Sure, but a whole lot of the forks are like one line changes, they sit there
taking up an entire repo, and aren't particularly useful.

------
prezjordan
Off-topic. How do the "kudos" work? Does it use my IP? Cookies? I tried on
different devices on the same network and the vote didn't sync. I cleared my
cache and it was still there.

------
matthewrudy
I think it depends on the job market you're in. In the US and Europe an open-
source profile is expected, but over here in Hong Kong its fairly uncommon.
The good ones have either flown away to the US, or already been snatched up.

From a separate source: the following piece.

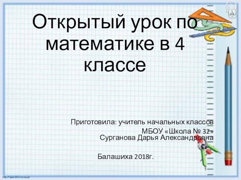 Открытый урок по математике в 4 классе Приготовила: учитель начальных классов МБОУ «Школа № 32» Сурганова Дарья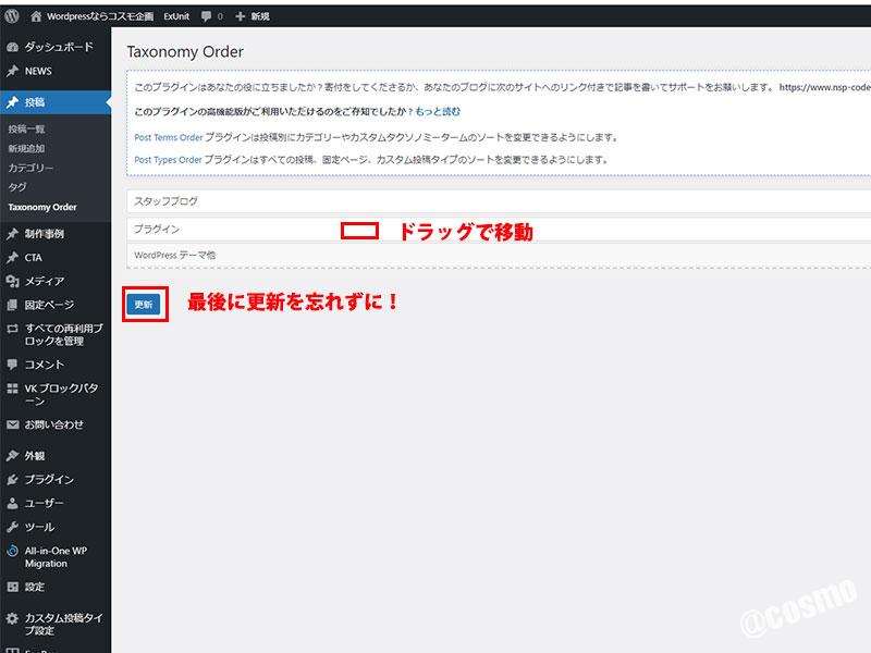 該当タクソノミーをドラッグ(クリックしたまま移動)して表示順を指定。

But, as Alex says, once we've sifted through CVs to find the best and invited
them to interview, the paper doesn't matter anymore. Human interaction, pair
programming, whatever, it's all more important than what's written on a piece
of paper.

------
vanessar
In my company (masterbranch.com) we target this problem. We help developers to
showcase what they really know by tracking their code an presenting it in a
nice way. We also offer companies reliable information about the candidates,
that they can review before interviewing them.

------
gawker
It would be interesting to see how these ideas apply to other non-technical
industries/professions.

------
georgieporgie
_Often, when I'm reading a resume I'm thinking: “This guy is great, look at
all this experience. He clearly knows Ruby and JavaScript like the back of his
hand, and this interview is just going to be a formality”_

For what it's worth from the other side, I've been repeatedly amazed at how
much interviewers have managed to read into or project onto my resume. And I'm
not talking about recruiters, for whom a single keyword instance qualifies you
as an "excellent match!" but actual working engineers and engineering
managers.